The Climate Change Commission has declared that it will “strongly pursue” restricting the use of non-biodegradable plastic bags but will still consider the mission’s effects on the plastics business and the jobs it provides.
“We have to be practical with the approach. Just like any good thing, there’s always a trade-off,” Commission Vice Chair Mary Ann Lucille Sering told Inquirer editors and reporters recently.
She elaborated: “You cannot immediately ban plastic that abounds in every corner. You have to give the local industries that produce it transition time. Because if you kill an industry, you’re also killing some jobs as well.”
Sering made the comment after noting that cities and towns were gradually moving to make constituents discard plastic bags in favor of paper and reusable bags.
She said that a number of local government units, for instance, Muntinlupa City, Lucban, Quezon, and Pagsanjan, Laguna, had either regulated or banned the use of plastic in local businesses as part of efforts to cut down on non-biodegradable trash.
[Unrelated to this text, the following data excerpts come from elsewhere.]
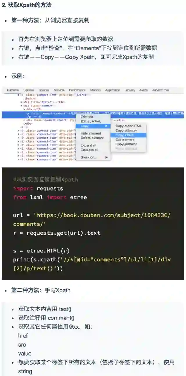 说点具体的,比如我们会直接用 lxml+Xpath取代 BeautifulSoup 来进行网页解析,减少你不必要的检查网页元素的操作,工具的安装都有详细教程及常见错误处理,多种工具都能完成的,我们会给你最简单的方法,这些看似细节,但可能是很多人都会踩的坑。
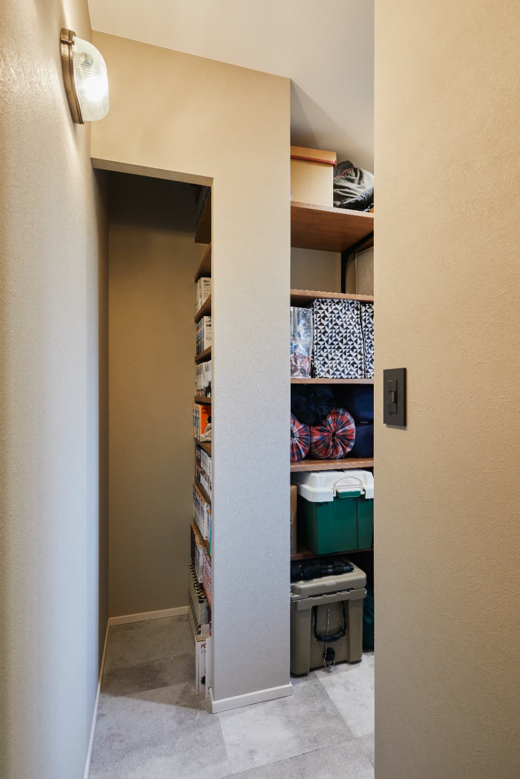 リビングに接した和室をなくし、一番の希望であった家族や友人が集まれる広々LDKを実現。バスケットボールや漫画など家族共通の趣味を反映させ、ロッカー風玄関収納や土間収納の一部を利用して本棚を造り付けました。こだわり満載で、毎日の暮らしをワクワクさせてくれます。
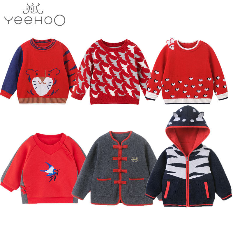 Inn's autumn and winter style male and female knitted sweatshirt infant warm vest baby round-led knit cardiovert suit
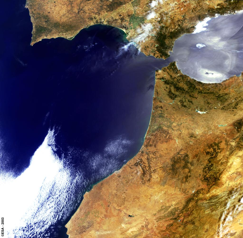 Vista de satélite do “Mar das Éguas” e Estreito de Gibraltar
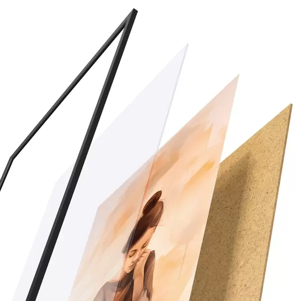 Das Poster besteht aus einem Rahmen, Plexiglas, einem gedruckten Bild und einer Rückwand aus Spanplatten. Dank der Halterungen auf der Rückseite kann das Poster sofort an die Wand gehängt werden.
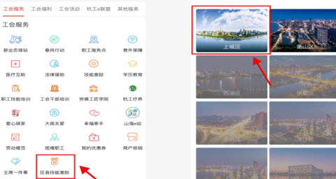 第一步:职工个人通过乐乐游戏下载“杭工e家”APP,完成注册成为认证会员后,点击“区县技能激励”选择“上城区”申报页面。具体操作图示如下:
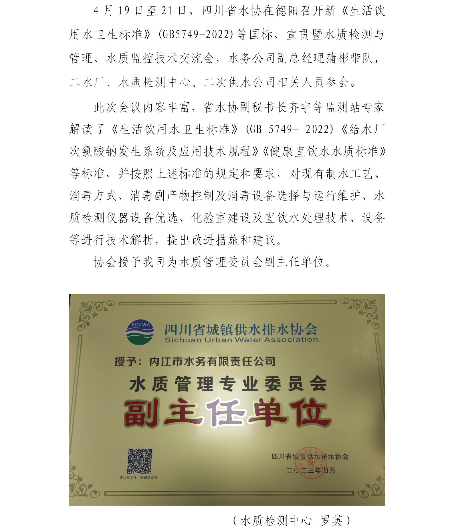 內江市水務公司獲省水協(xié)授予水質管理專業(yè)委員會副主任單位

She said local legislation would be the way to go while the national government had yet to enact an anti-plastics law.
She called the local initiative “good in one sense,” but added,“we have to have a balance.”
She said the commission had consulted with people in the plastics industry. “At the end of the day, we told the industry, the ban as a policy would be strongly pursued.”
Sering also expressed alarm about a recent report that some imported and locally-made toys sold in Metro Manila bargain shops and malls had tested positive for toxic metals, including lead and mercury, known to inhibit children’s cognitive and motor development.
The study, released by the anti-toxics group EcoWaste Coalition last week, showed that some 60 toy products out of 200 tested this month contained at least one of these toxic chemicals: Lead, mercury, chromium, antimony, arsenic and cadmium.